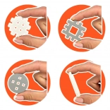 A biztonságos, kellemes és enyhén rugalmas anyag tapintása komfortos, és bírja a mindennapos játékot. A készlet masszív kartondobozban kapott helyet, tartalmaz útmutatót az első ötletekhez, valamint egy speciális mosogatógépes zsákot, hogy az építőelemek mindig tiszták legyenek. Remek választás önálló és közös játékhoz egyaránt.
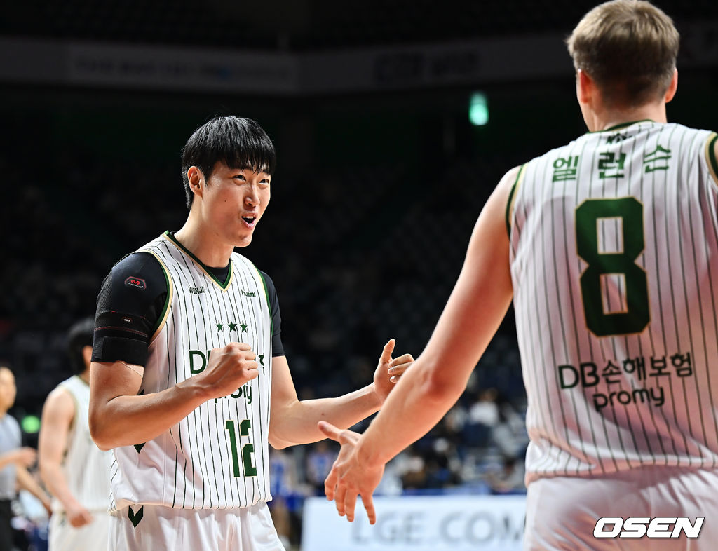 원주 DB 정효근이 득점에 추가 자유투 까지 얻어낸 엘런슨을 보며 환호하고 있다. 2025.12.06 / foto0307@osen.co.kr
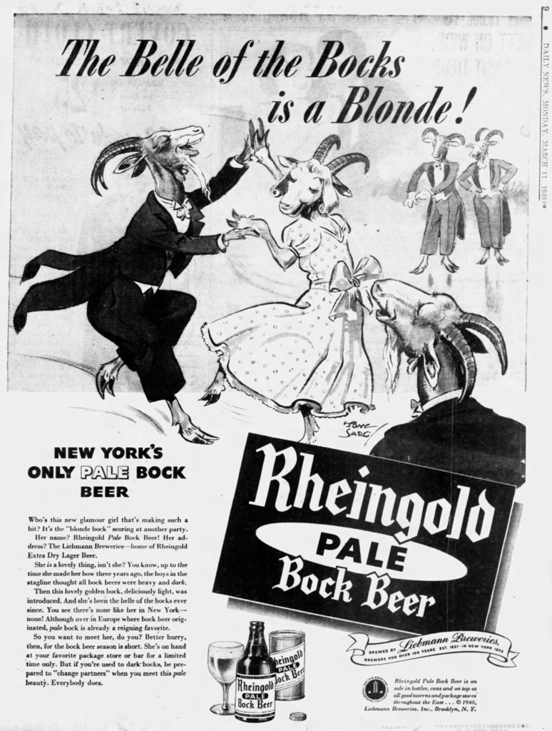 Wednesday’s first ad is for Rheingold Pale Bock Beer, which was published on March 11, 1940. This ad was for the Liebmann Breweries, of New York, New York, a.k.a. Rheingold Brewery, which was originally founded in 1854 by Samuel Liebmann. This ad ran in The Daily News, also of New York, New York.
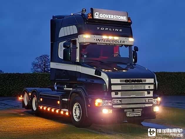 由于车身结构的特殊性,斯堪尼亚T系一直是改装市场的常客。不过,这台T 164长头卡车的改装风格还是相当的克制,没有增添太多花里胡哨的配置。前风挡上方增添遮阳板,带有提示灯及INTERCOOLER“中冷器”字样标志。驾驶室顶端增添灯架、灯箱、旋转告警灯等零部件,并附加镀铬气喇叭,整体造型内敛,但亦突出了欧式卡车的改装风格。
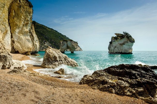 Vieste - È una serie di dune sabbiose che digradano, con un fondale basso che si inoltra lentamente nel mare. Di difficile accesso, è costeggiata dalla strada litoranea e da pinete lussureggianti. È molto attrezzata con strutture ricettive e di svago, con spiaggia attrezzata, noleggio natanti, ristorante e bar. Racchiusa da due piccoli promontori è ideale per famiglie con bambini. Si consiglia la visita alla cosidetta “Tomba di Noè”, ubicata nelle vicinanze e risalente alle prime colonizzazioni illiriche, provenienti dalla costa opposta dell’Adriatico.

*WORK INSTRUCTION*.
With the images left out, output all the entries above exactly.

*OUTPUT*.
 A biztonságos, kellemes és enyhén rugalmas anyag tapintása komfortos, és bírja a mindennapos játékot. A készlet masszív kartondobozban kapott helyet, tartalmaz útmutatót az első ötletekhez, valamint egy speciális mosogatógépes zsákot, hogy az építőelemek mindig tiszták legyenek. Remek választás önálló és közös játékhoz egyaránt.
 원주 DB 정효근이 득점에 추가 자유투 까지 얻어낸 엘런슨을 보며 환호하고 있다. 2025.12.06 / foto0307@osen.co.kr
 Wednesday’s first ad is for Rheingold Pale Bock Beer, which was published on March 11, 1940. This ad was for the Liebmann Breweries, of New York, New York, a.k.a. Rheingold Brewery, which was originally founded in 1854 by Samuel Liebmann. This ad ran in The Daily News, also of New York, New York.
 由于车身结构的特殊性,斯堪尼亚T系一直是改装市场的常客。不过,这台T 164长头卡车的改装风格还是相当的克制,没有增添太多花里胡哨的配置。前风挡上方增添遮阳板,带有提示灯及INTERCOOLER“中冷器”字样标志。驾驶室顶端增添灯架、灯箱、旋转告警灯等零部件,并附加镀铬气喇叭,整体造型内敛,但亦突出了欧式卡车的改装风格。
 Vieste - È una serie di dune sabbiose che digradano, con un fondale basso che si inoltra lentamente nel mare. Di difficile accesso, è costeggiata dalla strada litoranea e da pinete lussureggianti. È molto attrezzata con strutture ricettive e di svago, con spiaggia attrezzata, noleggio natanti, ristorante e bar. Racchiusa da due piccoli promontori è ideale per famiglie con bambini. Si consiglia la visita alla cosidetta “Tomba di Noè”, ubicata nelle vicinanze e risalente alle prime colonizzazioni illiriche, provenienti dalla costa opposta dell’Adriatico.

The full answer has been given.